_Task instructions_
Reproduce the data below word for word, setting aside any picture it holds.

_Extracted data_

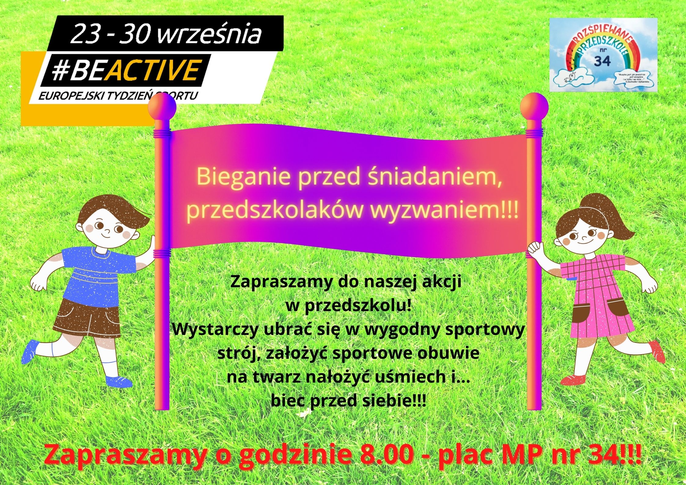 Z kolei w „Rozśpiewanym Przedszkolu" w Zielonej Górze zorganizowano w ramach tegorocznych obchodów - bieganie przed śniadaniem! Przedszkolaki zebrały się na placu zabaw i dzielnie ćwiczyły podczas rozgrzewki, następnie pokonały kilka okrążeń wokół placu. Rozgrzane i uśmiechnięte wróciły do przedszkolnych sal „Rozśpiewanego Przedszkola"
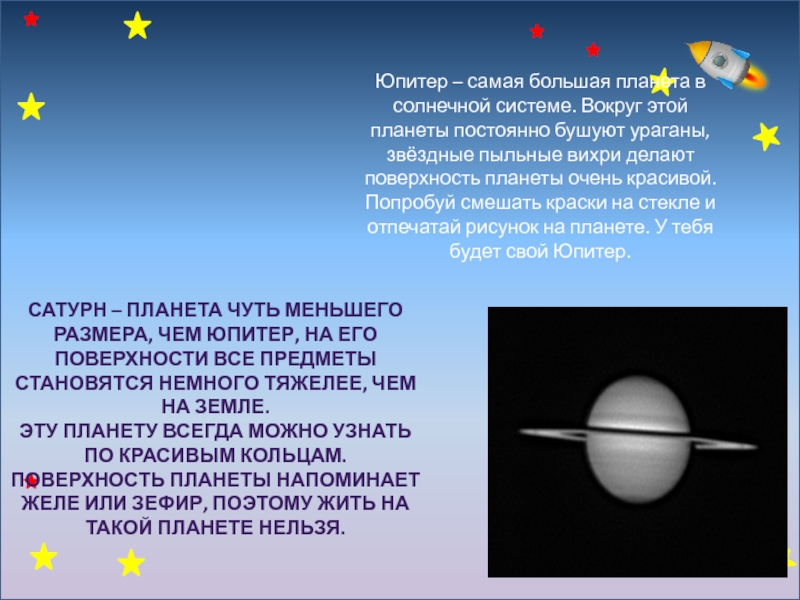 Эту планету всегда можно узнать по красивым кольцам. Поверхность планеты напоминает желе или зефир, поэтому жить на такой планете нельзя.
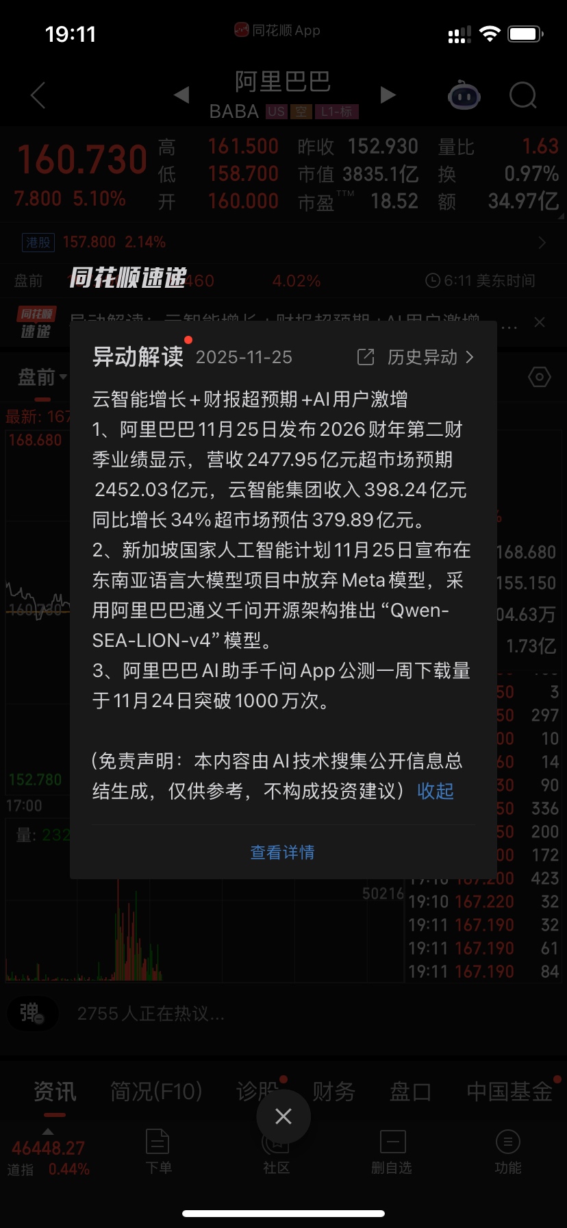 最新:美股阿里巴巴盘前涨超4%,公司第二财季营收超预期。人工智能+云计算和消费两
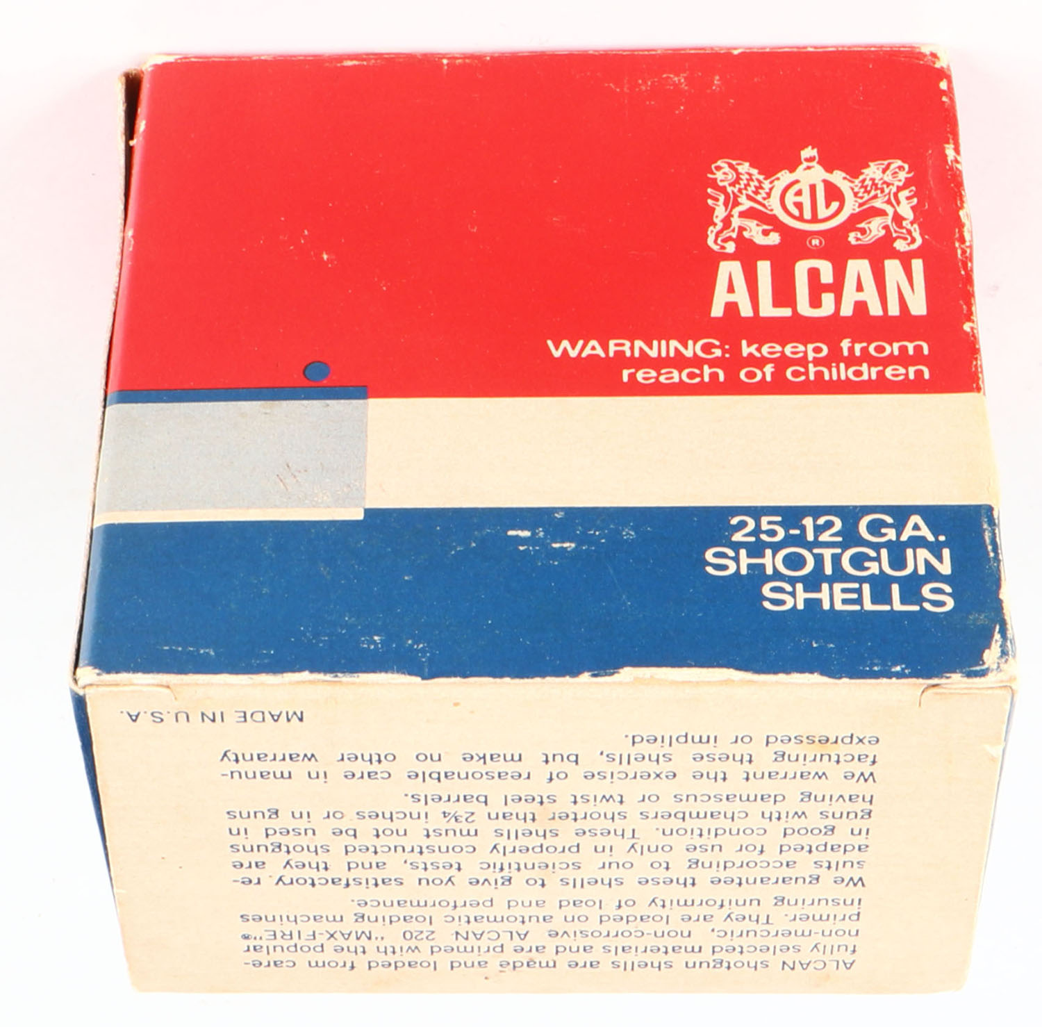 Alcan, Gamemax Smokeless Powder, 12ga., 1pc., Full, shot size 8, multi-colored box, box has some age soiling & edge wear, plastic shells are very good. Grade: Very Good - Value: 10 to 40
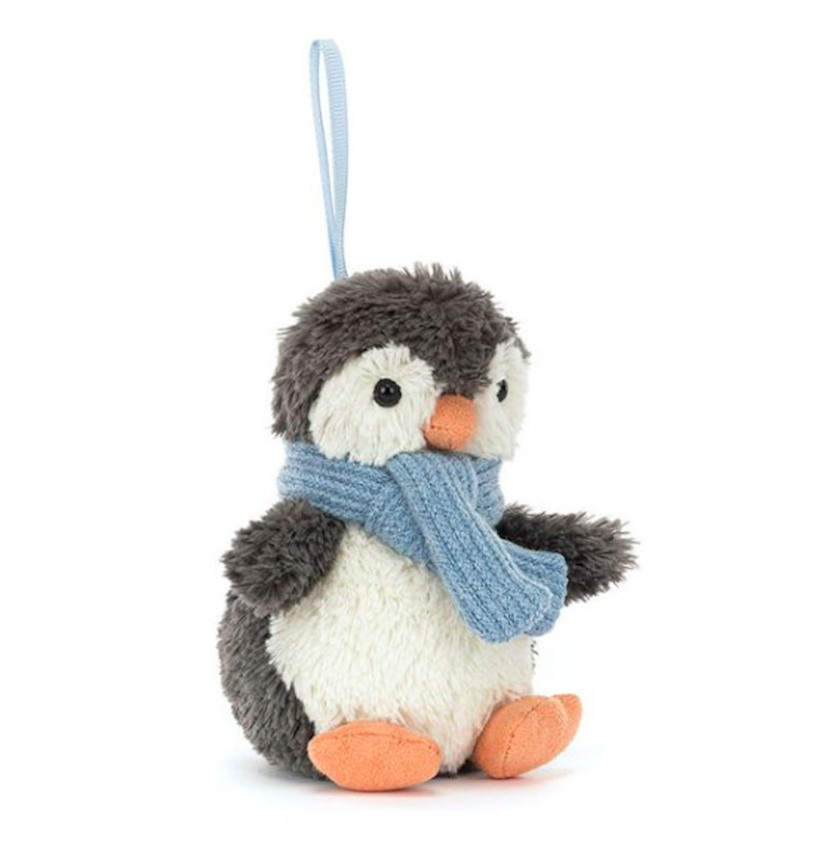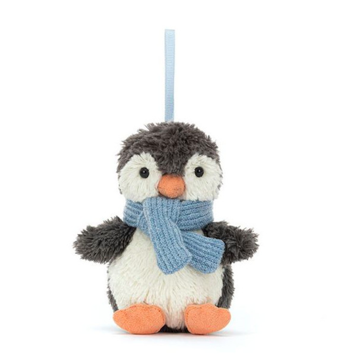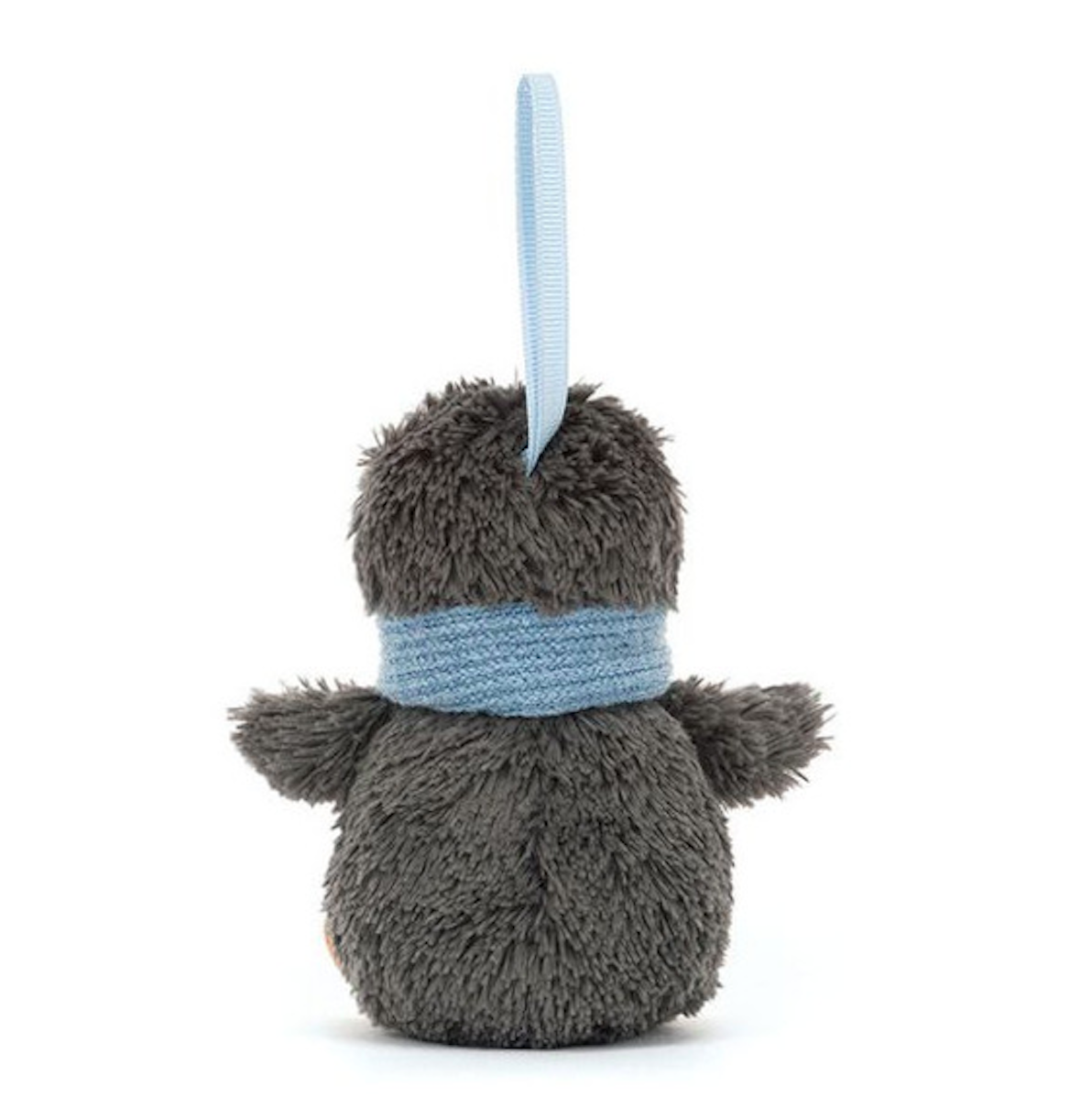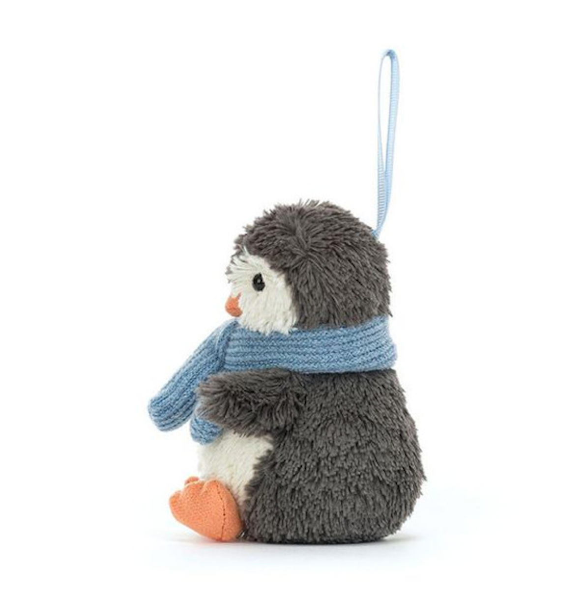 Ten uroczy pingwinek nosi niebieski sztruksowy szalik i ma kędzierzawe, niebiesko-szare futerko, waniliowy brzuszek oraz słodki wyraz pyszczka. Jego pomarańczowy zamszowy dzióbek i płetwy dodają mu jeszcze więcej uroku. Idealnie nadaje się do zawieszenia na świątecznej choince, ale także do zabawy i przytulania, co czyni go doskonałym prezentem na święta. Pluszak został uszyty z najwyższej jakości, trwałych i bezpiecznych materiałów.

_Task solution_
 Z kolei w „Rozśpiewanym Przedszkolu" w Zielonej Górze zorganizowano w ramach tegorocznych obchodów - bieganie przed śniadaniem! Przedszkolaki zebrały się na placu zabaw i dzielnie ćwiczyły podczas rozgrzewki, następnie pokonały kilka okrążeń wokół placu. Rozgrzane i uśmiechnięte wróciły do przedszkolnych sal „Rozśpiewanego Przedszkola"
 Эту планету всегда можно узнать по красивым кольцам. Поверхность планеты напоминает желе или зефир, поэтому жить на такой планете нельзя.
 最新:美股阿里巴巴盘前涨超4%,公司第二财季营收超预期。人工智能+云计算和消费两
 Alcan, Gamemax Smokeless Powder, 12ga., 1pc., Full, shot size 8, multi-colored box, box has some age soiling & edge wear, plastic shells are very good. Grade: Very Good - Value: 10 to 40
 Ten uroczy pingwinek nosi niebieski sztruksowy szalik i ma kędzierzawe, niebiesko-szare futerko, waniliowy brzuszek oraz słodki wyraz pyszczka. Jego pomarańczowy zamszowy dzióbek i płetwy dodają mu jeszcze więcej uroku. Idealnie nadaje się do zawieszenia na świątecznej choince, ale także do zabawy i przytulania, co czyni go doskonałym prezentem na święta. Pluszak został uszyty z najwyższej jakości, trwałych i bezpiecznych materiałów.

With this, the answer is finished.